The research, detailed in a recently published article in the Astrophysical Journal, outlines 216 Kepler planets located within the "habitable zone" — the area around a star in which a planet's surface could hold liquid water. Of those, they list 20 that are the best candidates to be habitable rocky planets like Earth.
“Finding new Earth-like planets that could perhaps be habitable to human beings or even inhabited by other lifeforms is such a tantalizingly wonderful idea that you can't help but have your curiosity piqued,” said ASU’s School of Earth and Space Exploration postdoctoral scholar and research team member Natalie Hinkel.
To determine whether a planet may be habitable, the team needed to understand certain physical characteristics about each planet such as size, orbit and distance from its star.

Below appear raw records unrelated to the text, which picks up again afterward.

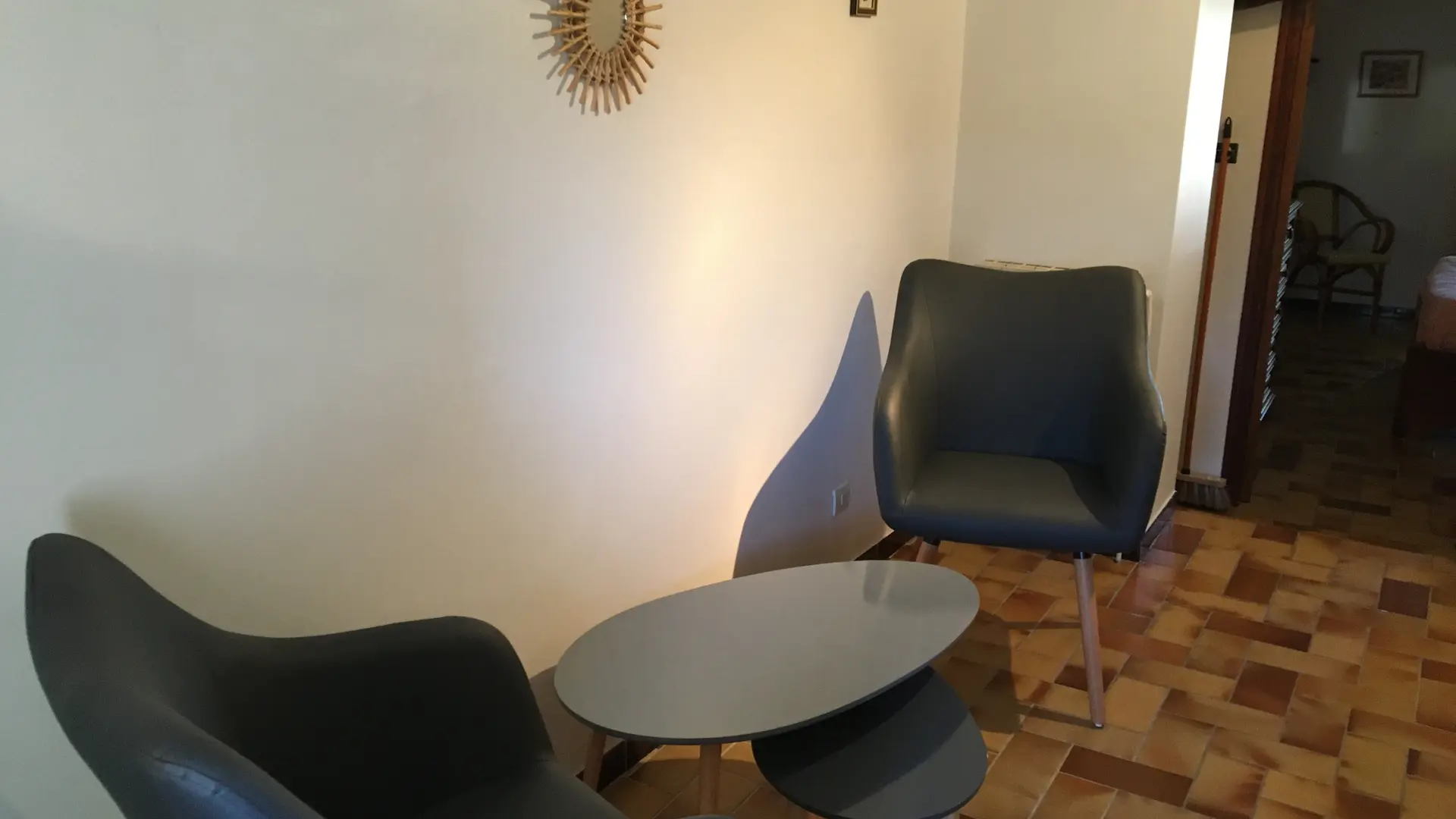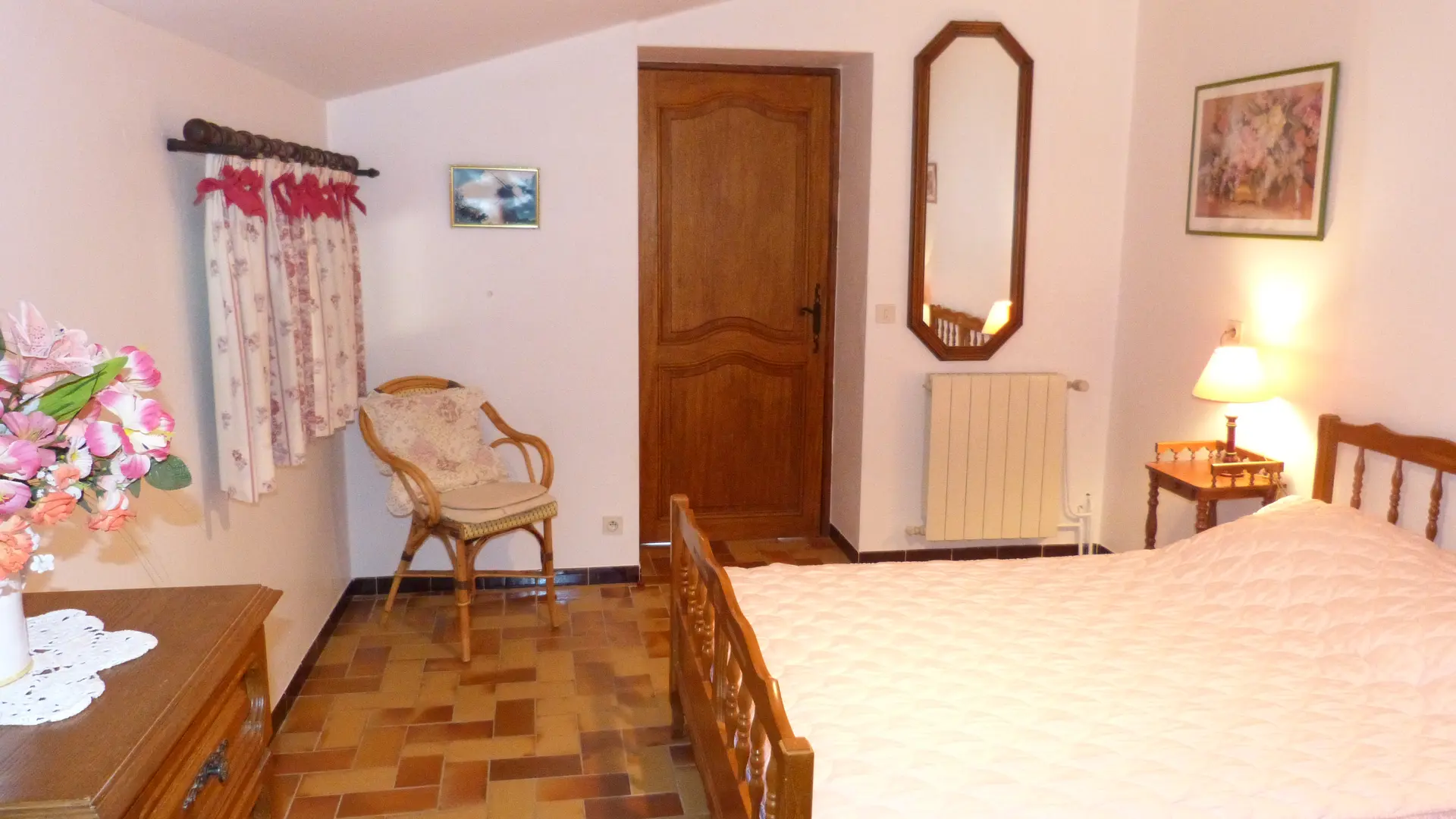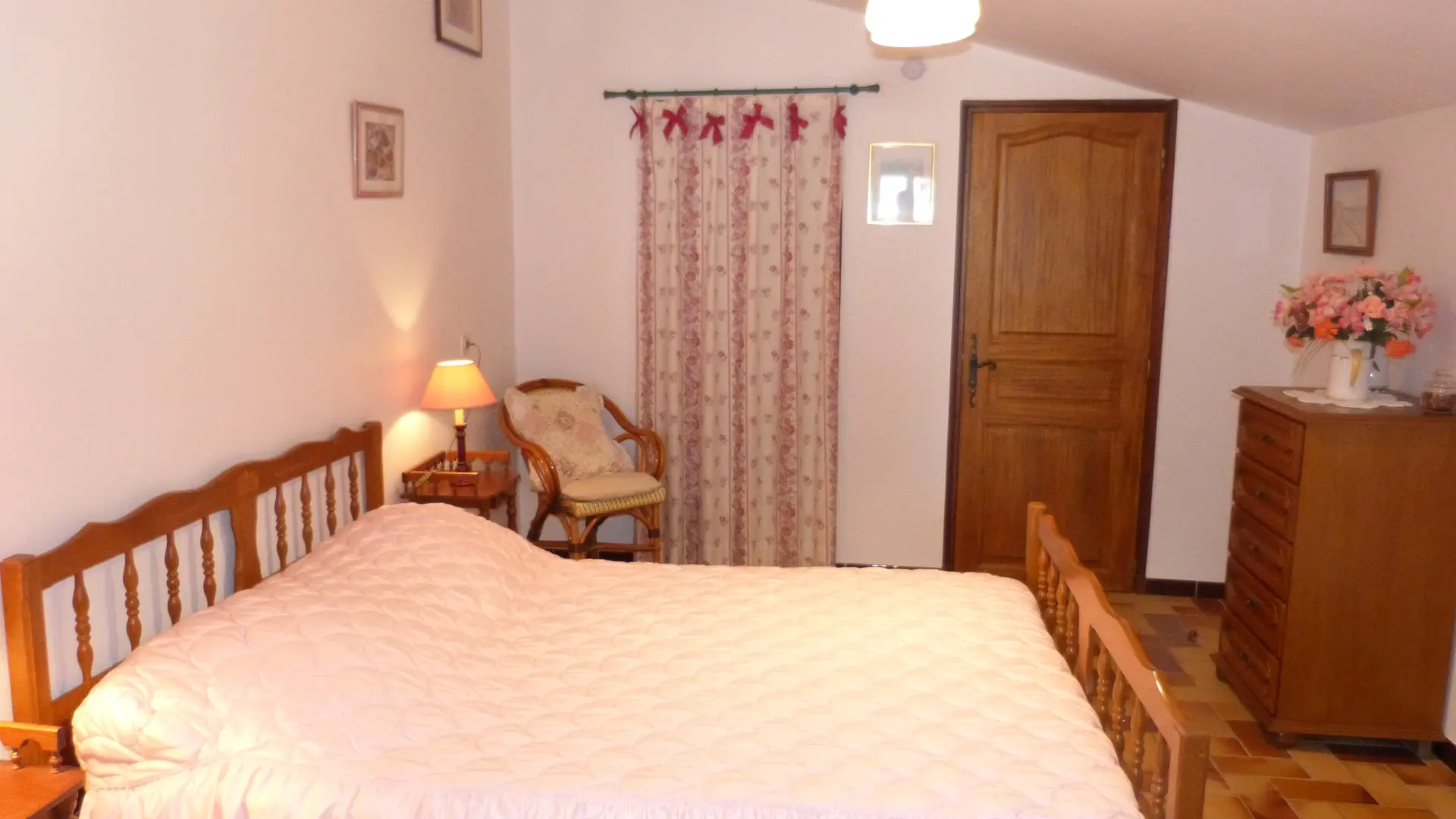 - 1 grande chambre avec lit en 160 cm (Draps fournis et lit fait à l'arrivée), deux chevets, commode, placard de rangement, fauteuils.
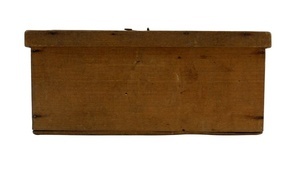 Schlichtes Holzkästchen; Verschluss durch einfach Drahtöhse und einfachen Drahthaken auf dem Deckel Inschrift auf der Innenseite des Deckels: se Vend chez J. YGOUF Md. de Papier à Spire
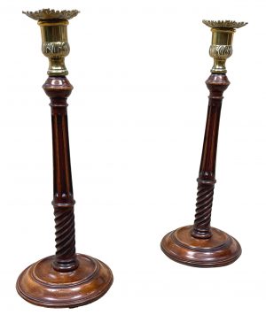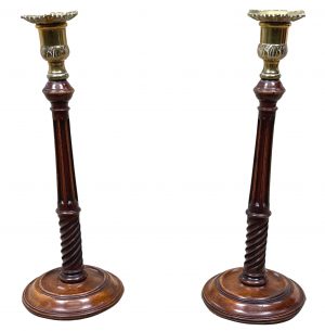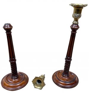 18th Century Mahogany & Brass Candlesticks (England, circa 1760)
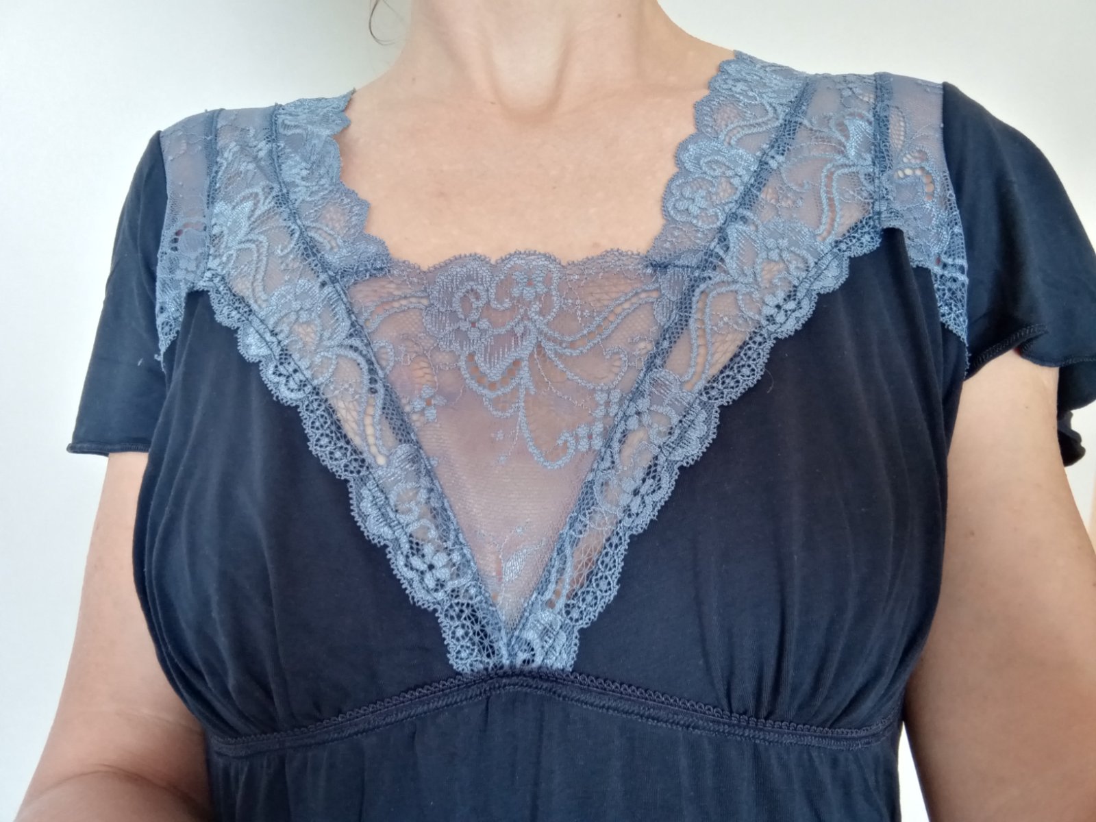 Viskózová nočná košeľa s krajkou. Kvalitná, hebká, príjemná na dotyk.
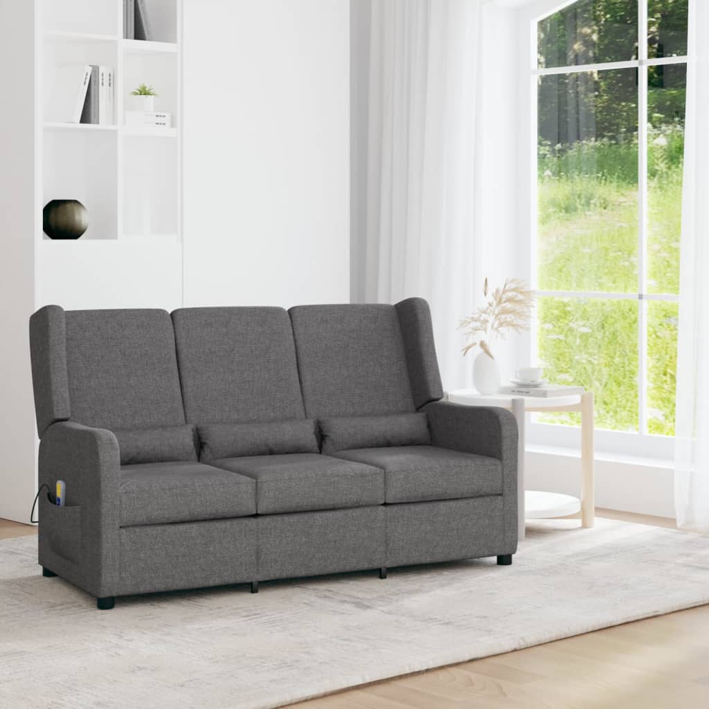 Den här 3-sits massagestolen är en utmärkt sittlösning för ditt vardagsrum. Reclinerfåtöljen är tjockt vadderad och klädd i starkt tyg. Den är tillverkad av en robust ram av metall och trä och är mycket bekväm och hållbar. Den här elektriska massagestolen har 6 massagepunkter för rygg, sits och ben som sänder ut avslappnande vibrationer. Med den medföljande handkontrollen kan du välja olika massageprogram. Sätet kan också värmas upp för extra avkoppling med en enda knapptryckning. Ryggstödet kan justeras bakåt och fotstödet kan justeras uppåt. Denna position gör det möjligt för dig att ligga bekvämt. Upplev en härlig stund i vår massagefåtölj!
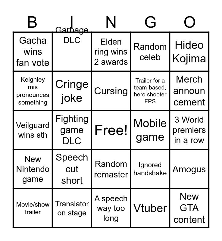 This bingo card has a free space and 39 words: Xbox handheld, New gacha game, Gaben, Cringe joke, Movie/show trailer, Random remaster, Cursing, New Marvel game, Hideo Kojima, New Nintendo game, Fighting game DLC, Random celeb, New GTA content, 3 World premiers in a row, Mobile game, Speech cut short, Un comfortable pause, Gacha wins fan vote, Blood borne PC, Ignored handshake, Keighley mis pronounces something, A speech way too long, Trailer for a team-based, hero shooter FPS, Merch announ cement, Production mistake, An already announced trailer, Random guy in the crowd screaming, Strong and independent woman MC, Farming and socializing game, Garbage DLC, Musical piece, Ubisoft trash, Elden ring wins 2 awards, Translator on stage, Vtuber, BIsexual bait trailer, Amogus, Veilguard wins sth and Todd Howard.
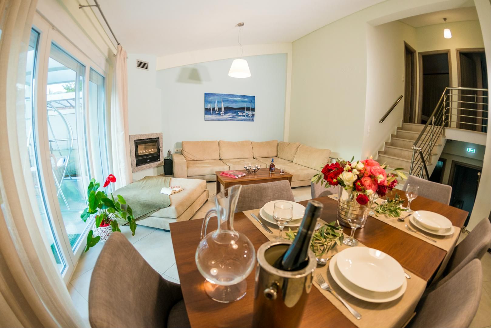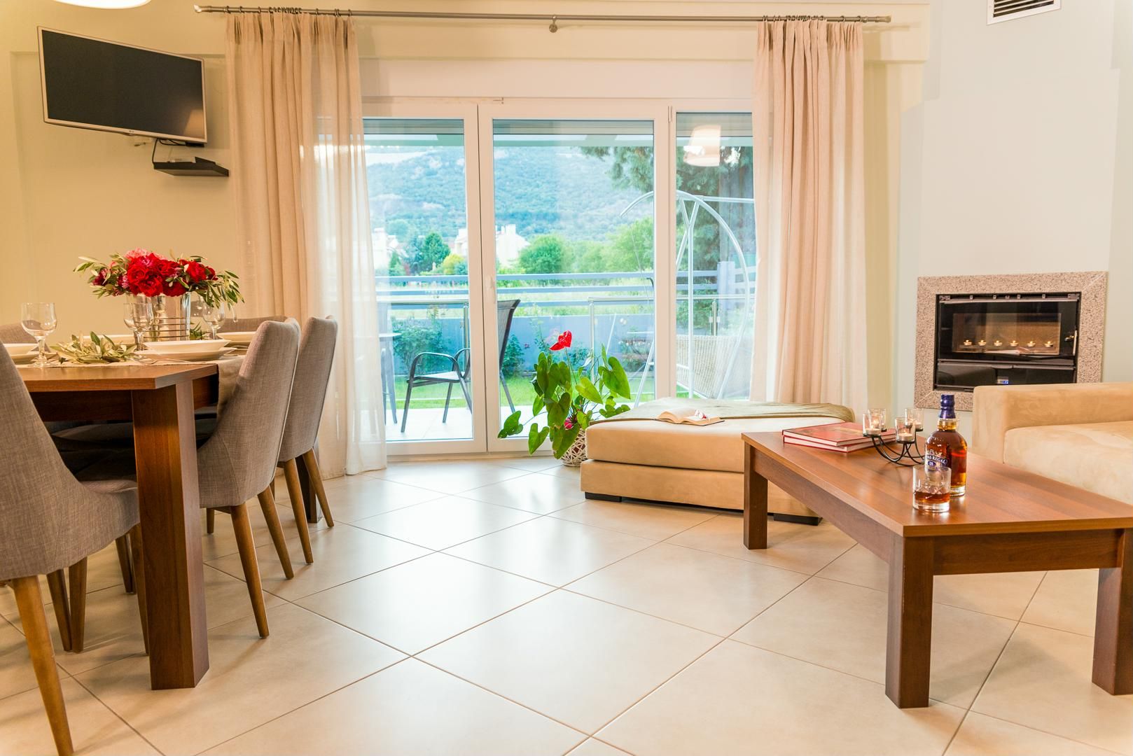 Within a private land of breathtaking view, lies the Luxury Villa Oceanides 1 consisting of four attached villas arranged in such a way that their residents can independently enjoy internal privacy and comfort, as if in their own home, whilst externally are offered the opportunity to relax or party at the adjacent verandas or the surrounding spaces.
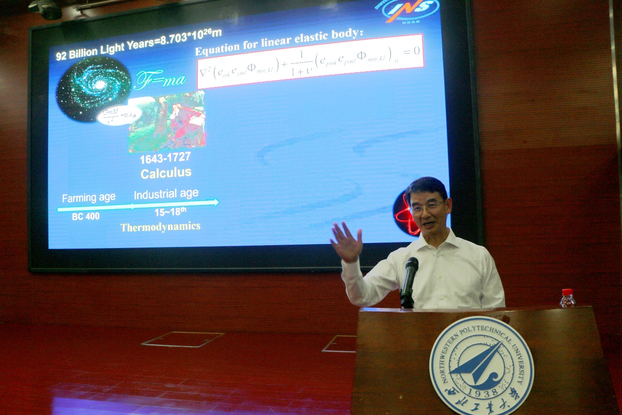 郭万林院士以力学、材料学科和飞机设计理念的发展历程开篇,生动讲述了解决航空航天飞行器研制中力学问题的科学故事,阐述了纳尺度物理力学的理论体系和颠覆性技术以及在现代飞机设计的智能化发展,介绍了水伏学的研究成果及其在能源、生命科学、资源环境中的应用。郭院士的报告从大学阶段的知识学习、研究生阶段的知识创新到实际工作中的知识应用,从“顶天”的理论创新到“立地”的工程应用,从科学研究到社会发展,从科学精神到家国情怀,深入浅出,旁征博引,不仅仅是一场专业学术的讲座,更是一场启发科学思维的报告。
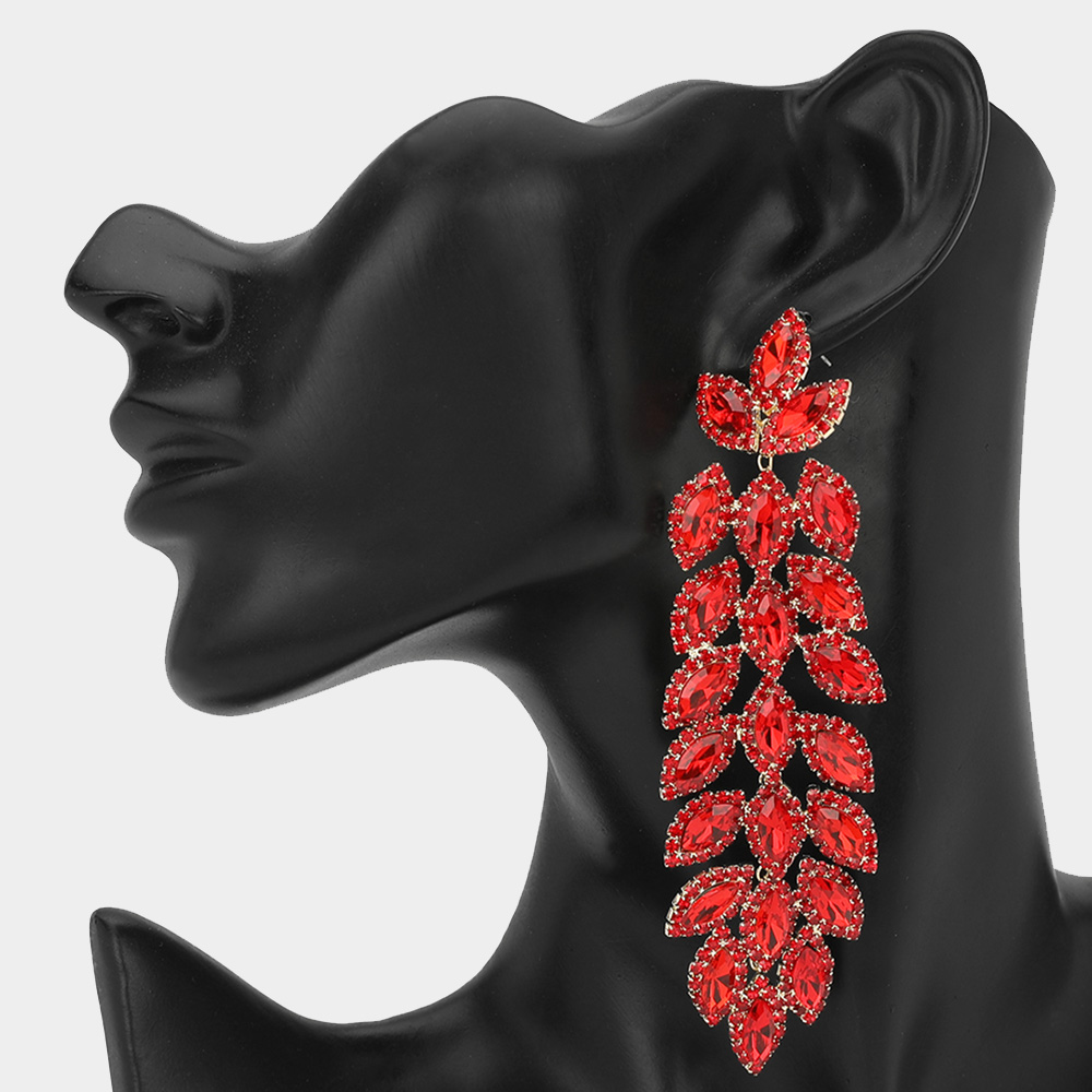 • Dramatic marquise crystal statement earrings with cascading leaf design. Perfect for weddings, formals, or upscale events. Lightweight yet bold, these earrings add instant glamour. A must-have for boutique collections seeking high-impact accessories that sparkle.

If a planet is too close to its star, it will experience a runaway greenhouse gas effect, like Venus. But if it's too far, any water will freeze, as is seen on Mars. The science team sorted the planets by whether they were in a conservative or a more optimistic interpretation of this habitable zone. Then they further sorted them by planet size: smaller, rocky planets vs. larger gas giants.
Studying and cataloging the more than 4,000 exoplanets took more than three years and involved researchers at NASA, San Francisco State University, Arizona State University, Caltech, University of Hawaii at Manoa, the University of Bordeaux, Cornell University and the Harvard-Smithsonian Center for Astrophysics.
"This is the complete catalog of all of the Kepler discoveries that are in the habitable zone of their host stars," said Stephen Kane, an associate professor of physics and astronomy at San Francisco State University and lead author of the study. "That means we can focus in on the planets in this paper and perform follow-up studies to learn more about them, including if they are indeed habitable."
While this research predominantly focused on the physical characteristics of the planets, Hinkel’s next step in determining habitability of planets is to understand the planets' composition, namely the presence and amount of elements like carbon, silicon, oxygen and iron.
“These are the elements that are the building blocks not only of the planet itself, but also of life,” Hinkel said.
The research was supported in part by the NASA Nexus for Exoplanet Systems Science (NExSS). The School of Earth and Space Exploration’s Steven Desch is the principal investigator of the NExSS Exoplanetary Ecosystems team, which studies detection of life on exoplanets. Their charge is to prioritize stars and planets for follow-up observations, based on how likely the planet is to yield conclusive evidence for or against life.